[PROBLEM DETAILS]
Repeat the data below exactly, dropping any pictures it holds.

[DATA UNDER STUDY]
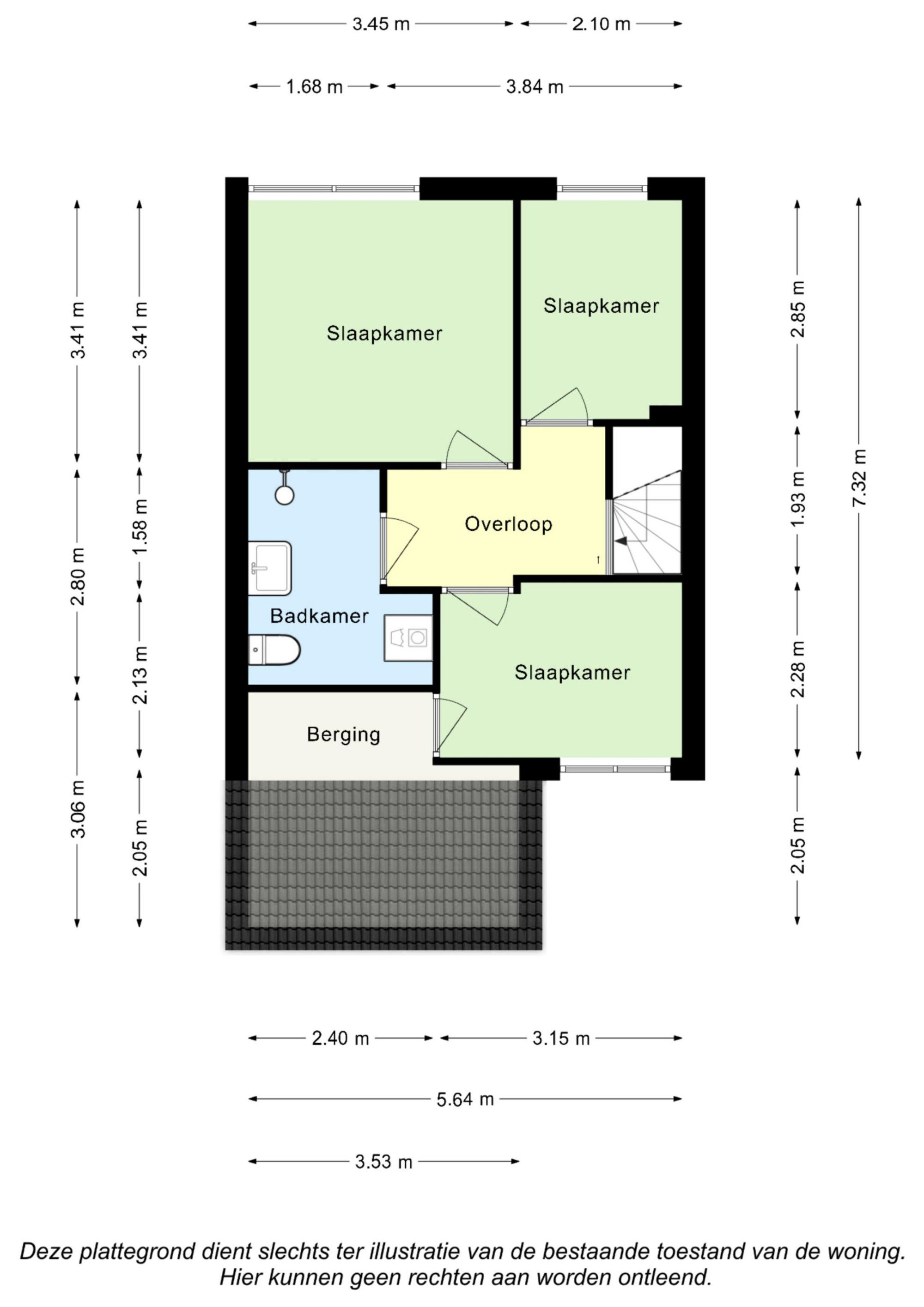 De overloop biedt toegang tot 3 slaapkamers, berging en badkamer. Slaapkamer I (3,15 m x 2,28 m) is aan de voorzijde gelegen, v.v. een laminaatvloer en biedt toegang tot ruime ruime berging. De deels betegelde badkamer (2,40 m x 2,80 m) is v.v. een 2e toilet, inloopdouche, vaste wastafel en aansluitingen voor witgoedapparatuur. Slaapkamer II (3,41 m x 3,45 m) en slaapkamer III (2,85 m x 2,10 m) beide v.v. een laminaatvloer aan de achterzijde gelegen.
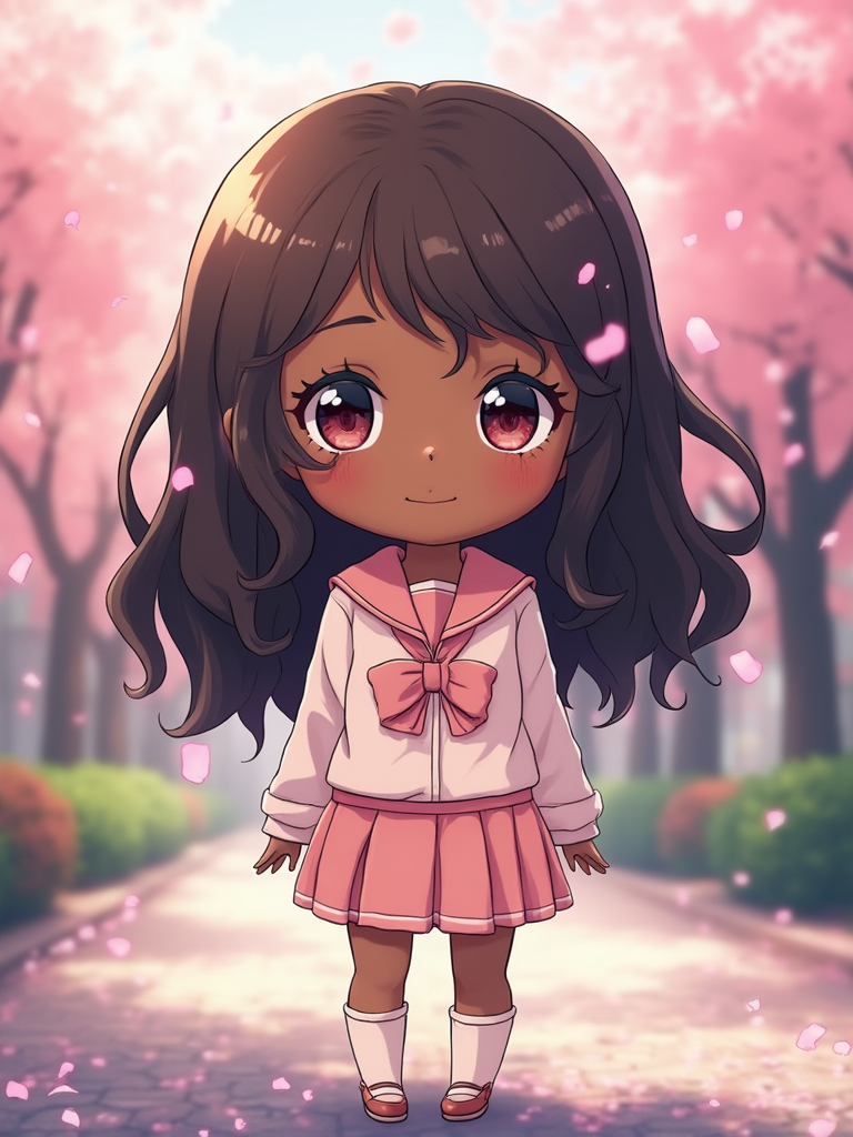 The model as a chibi character standing on a peaceful Japanese street during cherry blossom season, wearing a pastel school uniform with a big bow and wavy hair . The background is filled with pink petals and soft sunlight. Highly detailed chibi-style rendering with vibrant colors and a magical atmosphere.
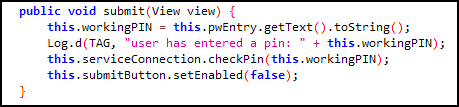 submit 메서드를 보면 입력된 값이 로그로 출력되는 것을 확인할 수 있다. 입력된 PIN이 workingPIN에 들어간다.
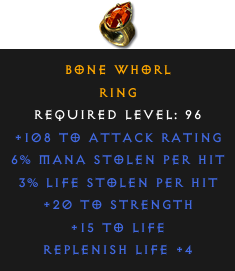 Required Level: 96+20 to StrengthReplenish Life +4+108 to Attack Rating+15 to Life3% Life stolen per hit6% Mana stolen per hit
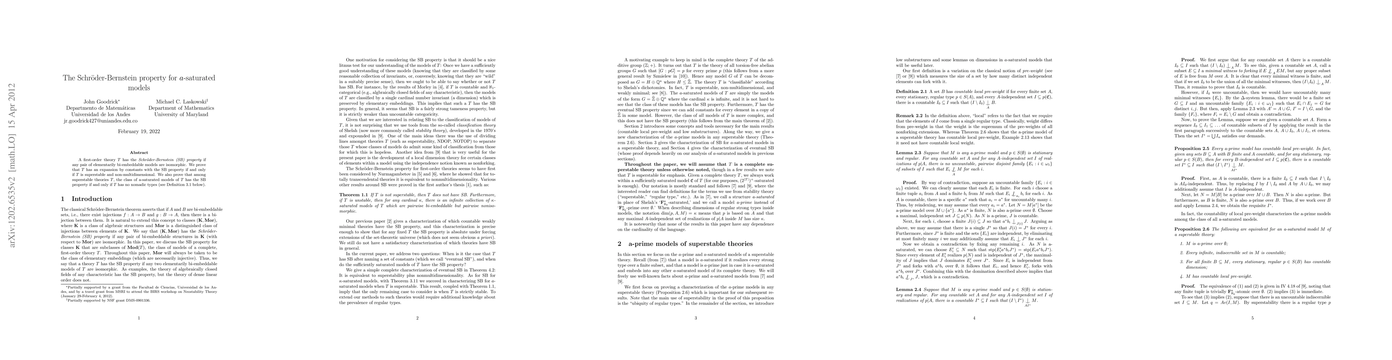 Summary: The paper proves that a first-order theory T has the Schröder-Bernstein property if and only if it is superstable and non-multidimensional, and among superstable theories, a-saturated models possess this property if and only if T lacks nomadic types.
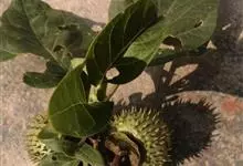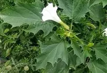 曼陀罗,茄科曼陀罗属一年生大型草本植物,全株光滑。有臭气;叶呈广卯形,边缘具不规则波状浅齿裂;花单生于枝杖间或叶腋,直立,有短梗;花萼是筒状裂片三角形,颜色为白色或淡紫色;果实为蒴果卵状,…全部>>
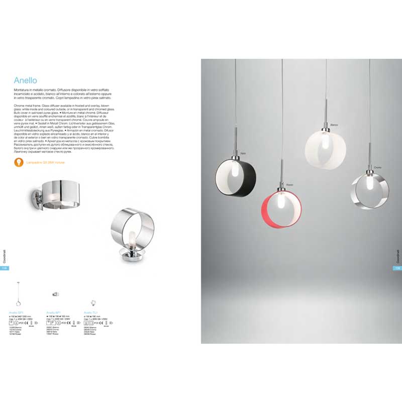 Аплик Anello с оригинален дизайн. Хромирана основа и стъклен дифузер от матирано стъкло, което се предлага в два варианта - прозрачно хромирано стъкло или с бяла вътрешна част и цветна външна. Капачета за крушки от сатенирано огнеупорно стъкло. Производител Идеал Лукс, Италия.
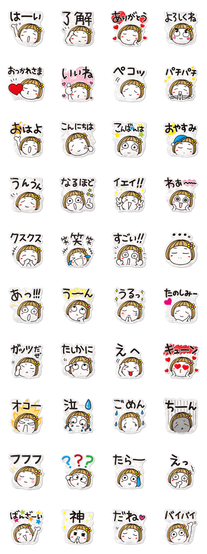 ぷるんっとしたジェルシール感がめちゃ可愛くてまず目がいくし、 色味もやわらかくてトーク画面が一気に華やぐのが最高。 あいさつ系がしっかり揃ってて、どの時間帯でもサッと使える安心感がある。 はな子の表情がどれも絶妙で、送るだけで優しい雰囲気になるのがありがたい。 気軽に送れるのにちゃんと気遣いが伝わるのがポイント高い。 季節問わずずっと使えるデザインだから、常備スタンプとしても優秀。「かわいい+実用性」のバランスが完璧で、毎日使いたくなるやつだよね~~( ´艸`)(2026/04/23 12:15)

[RESPONSE AREA]
 De overloop biedt toegang tot 3 slaapkamers, berging en badkamer. Slaapkamer I (3,15 m x 2,28 m) is aan de voorzijde gelegen, v.v. een laminaatvloer en biedt toegang tot ruime ruime berging. De deels betegelde badkamer (2,40 m x 2,80 m) is v.v. een 2e toilet, inloopdouche, vaste wastafel en aansluitingen voor witgoedapparatuur. Slaapkamer II (3,41 m x 3,45 m) en slaapkamer III (2,85 m x 2,10 m) beide v.v. een laminaatvloer aan de achterzijde gelegen.
 The model as a chibi character standing on a peaceful Japanese street during cherry blossom season, wearing a pastel school uniform with a big bow and wavy hair . The background is filled with pink petals and soft sunlight. Highly detailed chibi-style rendering with vibrant colors and a magical atmosphere.
 submit 메서드를 보면 입력된 값이 로그로 출력되는 것을 확인할 수 있다. 입력된 PIN이 workingPIN에 들어간다.
 Required Level: 96+20 to StrengthReplenish Life +4+108 to Attack Rating+15 to Life3% Life stolen per hit6% Mana stolen per hit
 Summary: The paper proves that a first-order theory T has the Schröder-Bernstein property if and only if it is superstable and non-multidimensional, and among superstable theories, a-saturated models possess this property if and only if T lacks nomadic types.
 曼陀罗,茄科曼陀罗属一年生大型草本植物,全株光滑。有臭气;叶呈广卯形,边缘具不规则波状浅齿裂;花单生于枝杖间或叶腋,直立,有短梗;花萼是筒状裂片三角形,颜色为白色或淡紫色;果实为蒴果卵状,…全部>>
 Аплик Anello с оригинален дизайн. Хромирана основа и стъклен дифузер от матирано стъкло, което се предлага в два варианта - прозрачно хромирано стъкло или с бяла вътрешна част и цветна външна. Капачета за крушки от сатенирано огнеупорно стъкло. Производител Идеал Лукс, Италия.
 ぷるんっとしたジェルシール感がめちゃ可愛くてまず目がいくし、 色味もやわらかくてトーク画面が一気に華やぐのが最高。 あいさつ系がしっかり揃ってて、どの時間帯でもサッと使える安心感がある。 はな子の表情がどれも絶妙で、送るだけで優しい雰囲気になるのがありがたい。 気軽に送れるのにちゃんと気遣いが伝わるのがポイント高い。 季節問わずずっと使えるデザインだから、常備スタンプとしても優秀。「かわいい+実用性」のバランスが完璧で、毎日使いたくなるやつだよね~~( ´艸`)(2026/04/23 12:15)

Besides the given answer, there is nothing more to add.